I did eventually give her a few formula bottles. Then I’d switch back and nurse her the next time. I also pumped during the formula feedings and got a little milk for her. (I was also concerned that my milk hadn’t come in fully.) Every single feeding I felt defeated. When I gave her formula I felt like a failure as a mom and selfish for wanting to ease my own pain. When I attempted to nurse I felt nothing but fear and pain and anxiety… and a growing frustration for M. I cried constantly.
We paid $120 for a breastfeeding consultation at a local resource center. Everything went smoothly there and I came home feeling great. And then we nursed at home and M’s latch wasn’t right over and over again. I bawled. I felt like I wasn’t meant to be a mom. I felt the crushing monotony of doing this day in and day out for months. I felt so, so hopeless.

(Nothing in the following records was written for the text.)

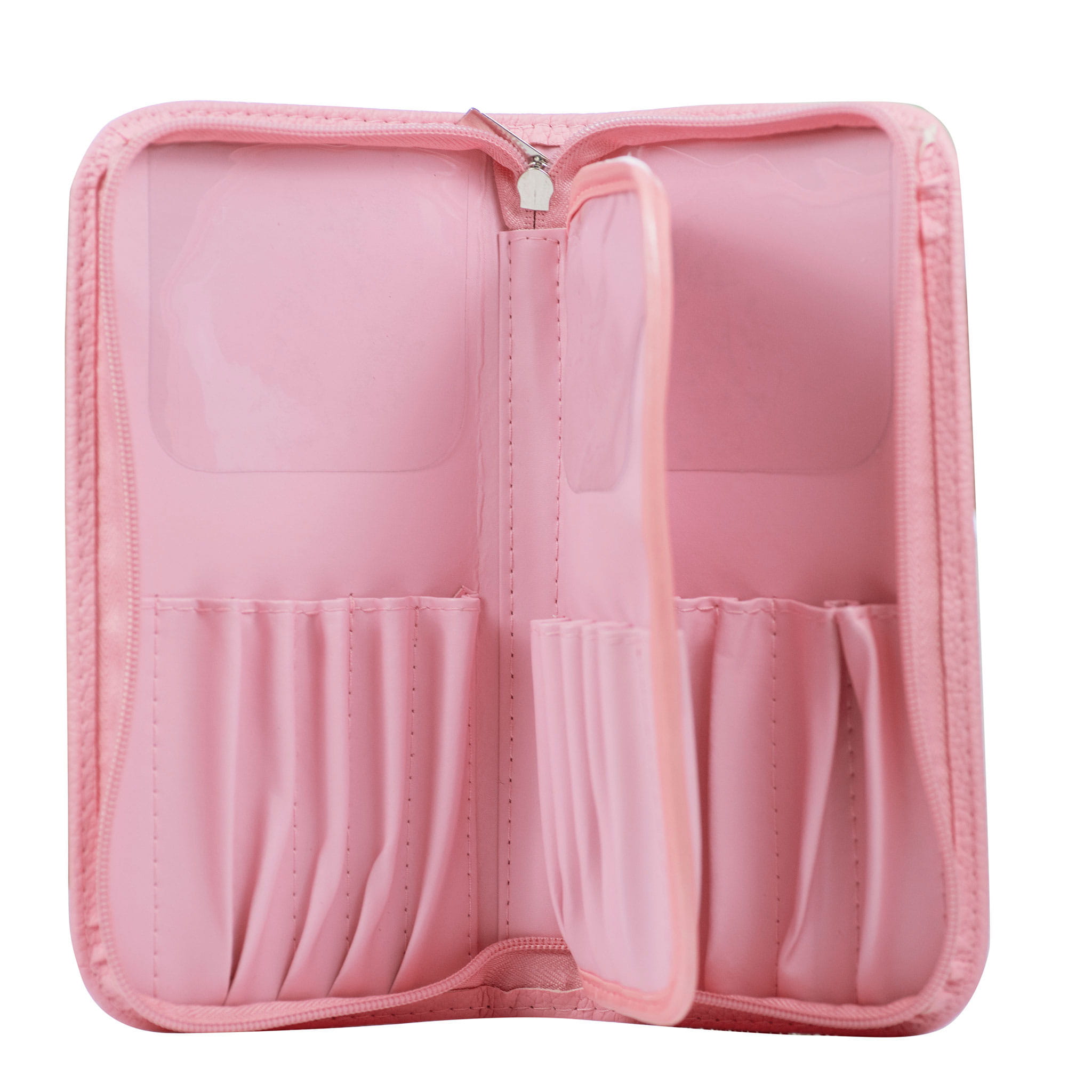 Wykonany z różowej ecoskórki, nie tylko zachwyca swoim wyglądem, ale także skutecznie chroni pędzle przed promieniami słonecznymi i uszkodzeniem włosia.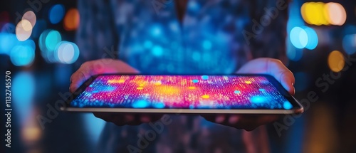 Wall mural : Person holding a tablet displaying vibrant data visualization, representing digital innovation, mode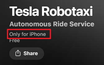 打车需要用到Tesla Robotaxi这个APP,来了才发现这个APP只上架了苹果的App Store,安卓的Play商店是没有的。只服务iPhone用户,可以,这很“美利坚”。

My mom stayed that evening and kept M in the living room. K and I went up to bed alone and, in a moment of clarity and quietness, we made the decision to stop breastfeeding. Making that final, clear, black and white decision felt amazing. In a season of unpredictability and chaos it felt like we’d gain some control over something.
So on M’s one week “birthday” we quit breastfeeding.
Let’s talk about breastfeeding for a second. (I am not a doctor.) The general consensus right now is that “breast is best.” In history, opinions about breastfeeding have gone back and forth but right now I feel like there is a massive amount of pressure to breastfeed. Just about everyone assumed we were going to nurse. I didn’t even consider formula- I put no research or consideration into formula. We registered for all the nursing things- creams, pads, the pump and pillow and storage bags. We took a class at the aforementioned center and we decided we were going to give it a shot.
The night K and I made our final decision was the first night I put thought into our nursing situation. For me, these were the main factors:
- I felt no joy or connection to M when we were nursing. On the contrary, I felt anxiety, fear, pain, and resentment every time she started rooting.
- On the flip side, the few times I’d given her a bottle she was happy and I was pain free. She made eye contact with me and it was a peaceful moment between us.
- I plan to return to work and didn’t want to figure out the logistics of feeding AND pumping enough for caregivers to use.
- I didn’t plan to bf beyond 6 months tops.
- While I respect the HELL out of mamas who feed their babies anywhere, I was not comfortable doing that. Even in my own house, if we had company visiting, I removed myself from the room and went to her nursery to nurse. I couldn’t imagine doing that for months and months.
- She got the colostrum at the beginning of her life (but even if she hadn’t it would’ve been ok).
- I really hated it. I never felt that moment of peacefulness when she latched.
Why am I sharing this? Because I was inundated with the pros and perks and facts of breastfeeding… but no one talked about the pros of formula feeding.
It still feels like a taboo opinion, but I love formula feeding.
I love that she looks me in the eye and holds my finger when I’m giving her a bottle. I love that ANYONE can feed her, including her dad or grandparents or caregiver. I love how easy it is to mix up a bottle and make her happy- whether we’re at home or out and about.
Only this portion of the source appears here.